- 67°09′N 140°35′W﻿ / ﻿67.150°N 140.583°W
- Location: Near the Vuntut Gwichin community, Old Crow
- Region: Yukon, Canada

History
- Built: 24,000 BP (disputed)

= Bluefish Caves =

Archaeological site in Yukon, Canada

Bluefish Caves is an archaeological site in Yukon, Canada, located 54 km southwest of the Vuntut Gwichin community of Old Crow. It has been suggested that human occupation dates to 24,000 years Before Present (BP) based on radiocarbon dating of animal remains, but these dates are contested due to the uncertain stratigraphic context of the archaeological remains relative to the dated animal remains. There are three small caves in the area.

== Context ==
Bluefish Cave was initially known to the local First Nations, but was popularized by a fishing expedition in 1976, and later by researchers. This site is made up of three small caves, ranging from 10 to 30 m3. The first cave contains various animal bones that appear to have been dragged there by predators; findings of cut marks may point to a human presence.

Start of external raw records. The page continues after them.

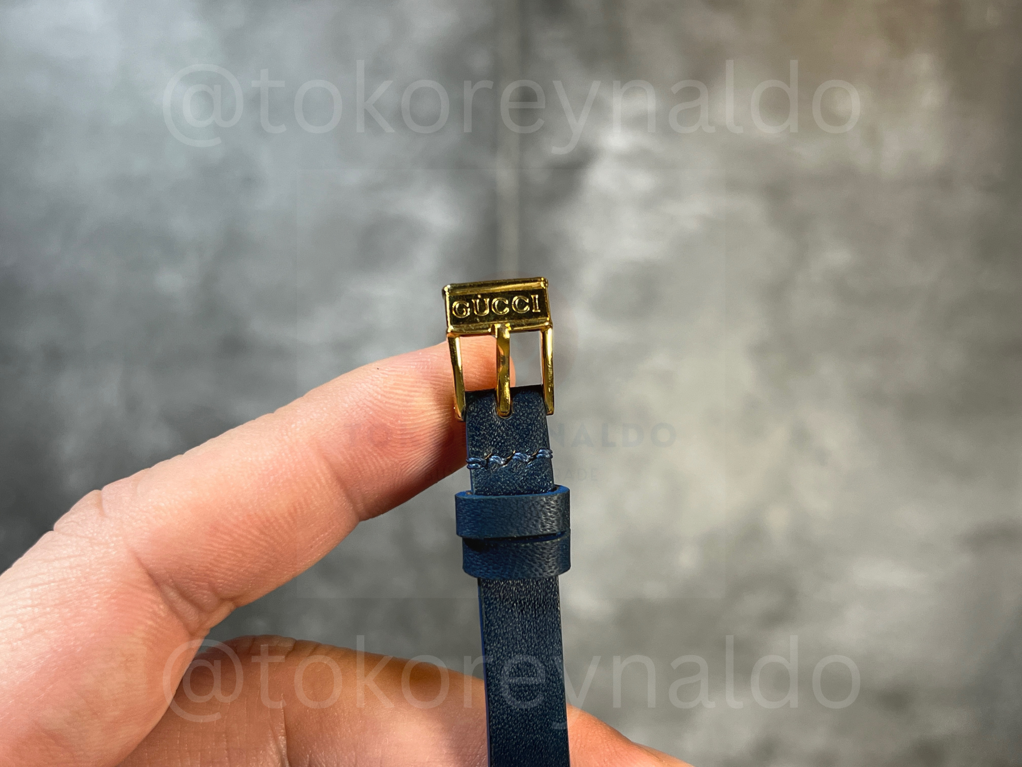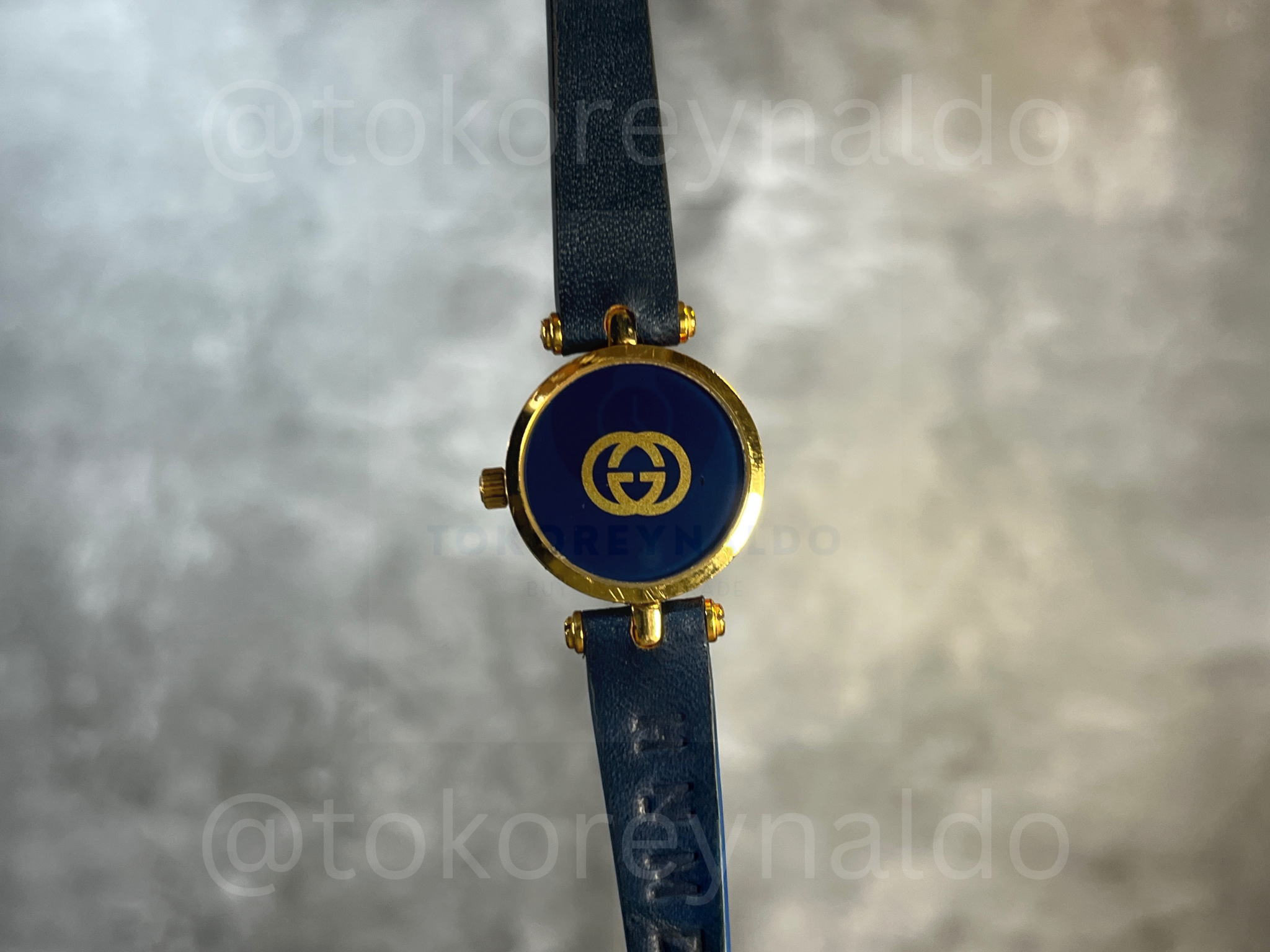 JAM TANGAN VINTAGE GUCCI 2000L SMALL ROUND G0LD PLATED BLUE DIAL ROMAN INDEX (LX1991)
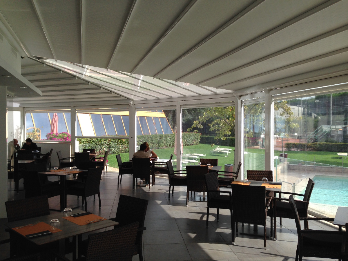 Impact patentiertes wasserdichten Pergoladach Sonnenschutz aus Tuch mit Aufrollverschluss
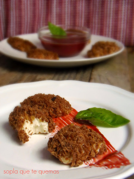 También he querido jugar con el nombre de la receta, y con la forma, gracias al rebozado de pan de centeno parecen trufas, ingrediente del queso de oveja al tartufo.
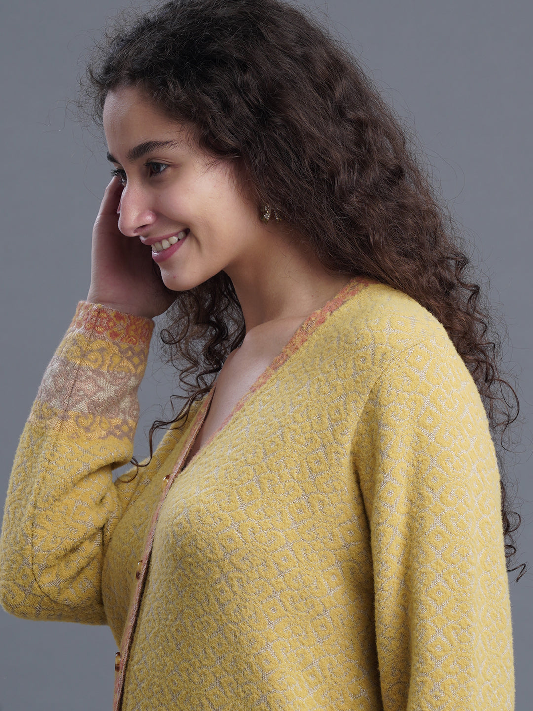 Elevate Your Winter Wardrobe With This Elegant V-Neck Cardigan, Crafted In A Premium Nylon-Wool Blend. Featuring An Intricate Jacquard Design And Full Button Closure, It Offers A Regular Fit And Is Ideal For Party Occasions.
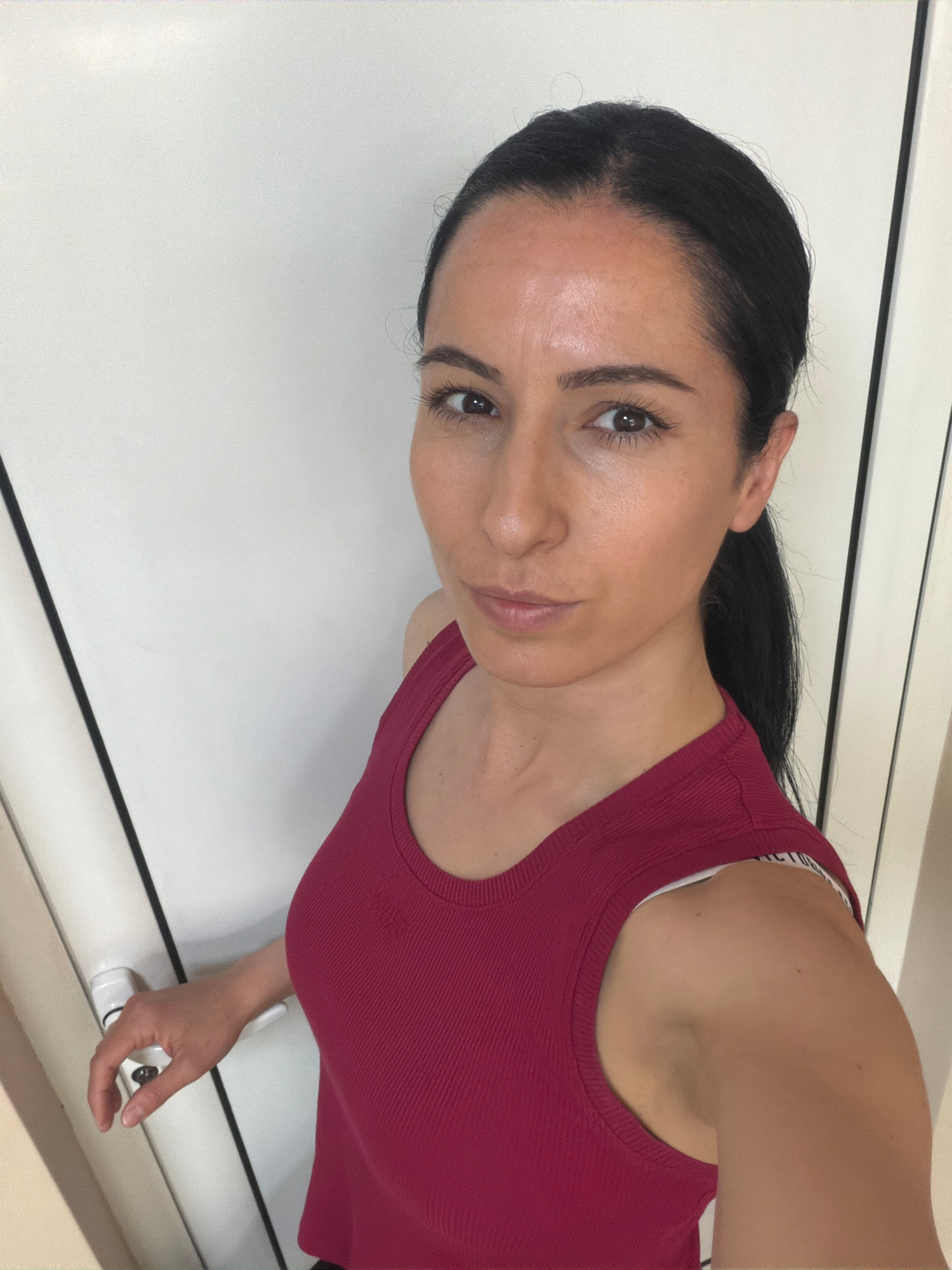 An indoor, waist-up portrait shows a woman taking a selfie, rotated 90 degrees counter-clockwise. The woman has dark hair pulled back, revealing her forehead and ears, and dark eyes looking directly a…read more

The Old Crow Flats, another important area with early human presence, are located about 75 km northeast of the Bluefish Caves.

== Dating ==
The site was excavated by archaeologist Jacques Cinq-Mars between 1977 and 1987, and the initial radiocarbon dating suggested an age of 24,000 before present (BP). This was considered controversial as it was in contrast to the Clovis-First theory, widely accepted by academics at the time, which considered the earliest settlement date of North America to be around 13,000 BP. A review of the site in 2017 found it to be 24,000 years old, lending support to the "Beringian standstill" hypothesis — that the ancestors of Native Americans spent considerable time isolated in a Beringian refuge during the Last Glacial Maximum before populating the Americas. A later paper questioned the dating (based on claimed disturbances) and the culturality of the faunal remains, but support for the 2017 study was reiterated by the author of that report.